Полковник Гришин, когда узнал, что прибыла группа из полка Михеева, да еще со знаменем полка, обрадовался так, будто ему вручили орден. Если бы не это, то, вполне возможно, вопрос о существовании дивизии решался бы уже в штабе фронта. Он знал немало примеров, когда расформировывали дивизии, понесшие и не такие потери, как у него, и даже под командованием заслуженных и широко известных в армии командиров, и понимал, что если у него под командованием останется только полк Шапошникова, то и его дивизии вряд ли миновать подобной судьбы. А свою дивизию Иван Тихонович Гришин любил, в глубине души считал, что она воюет гораздо лучше других, и даже одна мысль, что ему пришлось бы с ней расстаться, была для него мучительно невыносимой.

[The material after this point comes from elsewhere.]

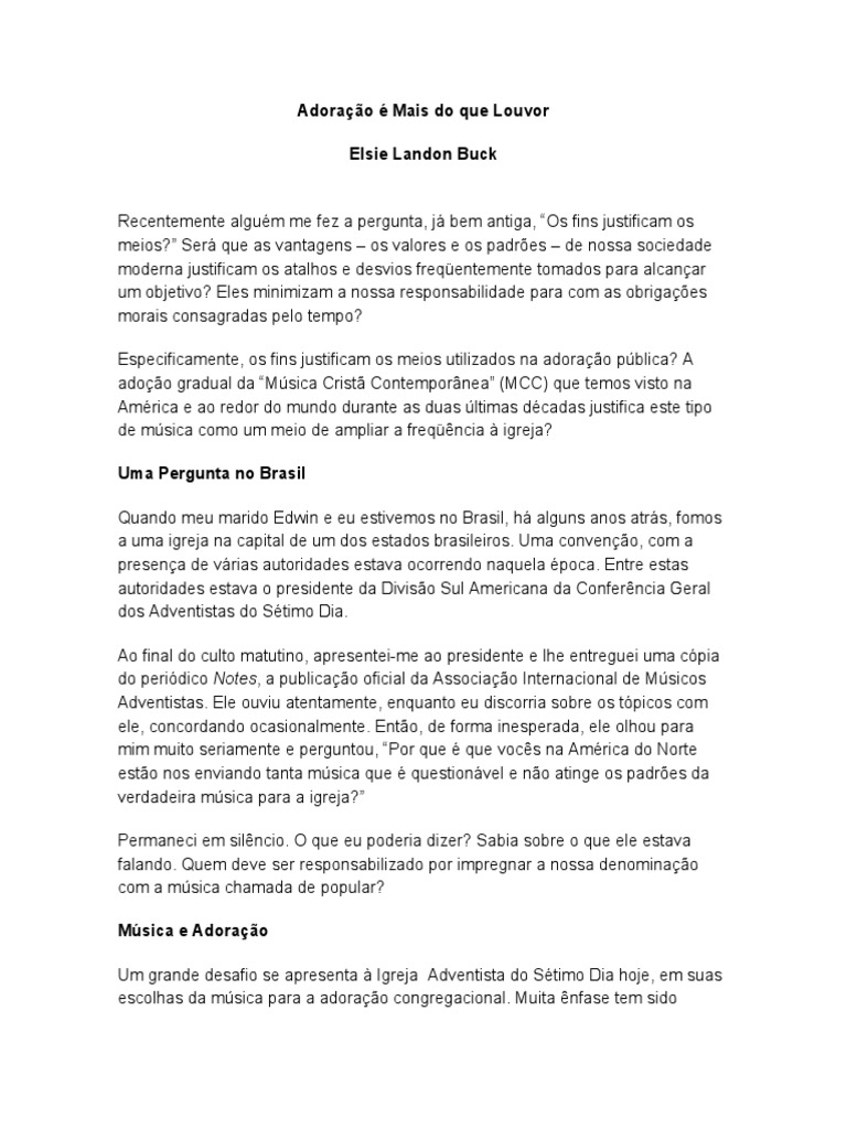 Recentemente algum me fez a pergunta, j bem antiga, Os fins justificam os meios? Ser que as vantagens os valores e os pa r!es e nossa socie a e mo erna justificam os atal"os e esvios freq#entemente toma os para alcan$ar um objetivo? %les minimizam a nossa responsabili a e para com as obriga$!es morais consagra as pelo tempo? %specificamente, os fins justificam os meios utiliza os na a ora$&o p'blica? ( a o$&o gra ual a )'sica *rist& *ontempor+nea ,)**- que temos visto na (mrica e ao re or o mun o urante as uas 'ltimas ca as justifica este tipo e m'sica como um meio e ampliar a freq#.ncia / igreja? Uma Pergunta no Brasil 0uan o meu mari o % 1in e eu estivemos no 2rasil, " alguns anos atrs, fomos a uma igreja na capital e um os esta os brasileiros3 4ma conven$&o, com a presen$a e vrias autori a es estava ocorren o naquela poca3 %ntre estas autori a es estava o presi ente a 5ivis&o Sul (mericana a *onfer.ncia 6eral os ( ventistas o Stimo 5ia3 (o final o culto matutino, apresentei7me ao presi ente e l"e entreguei uma c8pia o peri8 ico Notes, a publica$&o oficial a (ssocia$&o 9nternacional e )'sicos ( ventistas3 %le ouviu atentamente, enquanto eu iscorria sobre os t8picos com ele, concor an o ocasionalmente3 %nt&o, e forma inespera a, ele ol"ou para mim muito seriamente e perguntou, :or que que voc.s na (mrica o ;orte est&o nos envian o tanta m'sica que questionvel e n&o atinge os pa r!es a ver a eira m'sica para a igreja? :ermaneci em sil.ncio3 O que eu po eria izer? Sabia sobre o que ele estava falan o3 0uem eve ser responsabiliza o por impregnar a nossa enomina$&o com a m'sica c"ama a e popular? Msica e Adorao 4m gran e esafio se apresenta / 9greja ( ventista o Stimo 5ia "oje, em suas escol"as a m'sica para a a ora$&o congregacional3 )uita .nfase tem si o

В штабе армии, когда он туда приехал, зашел было разговор: целесообразно ли иметь несколько истощенных дивизий, может быть, переформировать их? Полковник Гришин категорически дал понять, что его дивизия не будет расформирована, и сумел убедить командующего, что она вполне боеспособна. Впрочем, на общем фоне это действительно так и было.

А через сутки полковнику Гришину доложили, что в расположение дивизии вышла группа лейтенанта Нагопетьяна в количестве семидесяти человек и батарея лейтенанта Сливного.

– Ты понял, Алексей Александрович? – обрадовался Гришин, обращаясь к Яманову. – К нам идут наши же люди! А ведь могли бы и остаться в любой другой части или куда направят со сборного пункта, там не больно-то разбираются – приказали, и все. Батарея? – переспросил он адъютанта. – Позовите ко мне ее командира.

– Сколько орудий вывели? – спросил он лейтенанта Сливного, когда тот вошел в блиндаж и представился.

Иван Сливный ожидал этого вопроса, но никак не думал, что командир дивизии спросит его прежде всего об этом.

– Никак нет, товарищ полковник, – растерялся было он. – Разрешите доложить? Десятого августа вел бой с танками в селе Питири, подбили и сожгли одиннадцать и четыре бронетранспортера. Потерял связь с полком и отходил на Климовичи, но там были уже немцы, оттуда на Костюковичи, в бою при переправе через реку Ипуть пришлось оставить орудия: кончились снаряды и побиты все лошади. Оттуда пробирались ночами на Брянск, и вот вышли, шестьдесят человек.

– А я уж обрадовался – батарея… Чем теперь воевать будешь? Потерял орудия – сам и добывай как хочешь. Иди, – разочарованно закончил Гришин.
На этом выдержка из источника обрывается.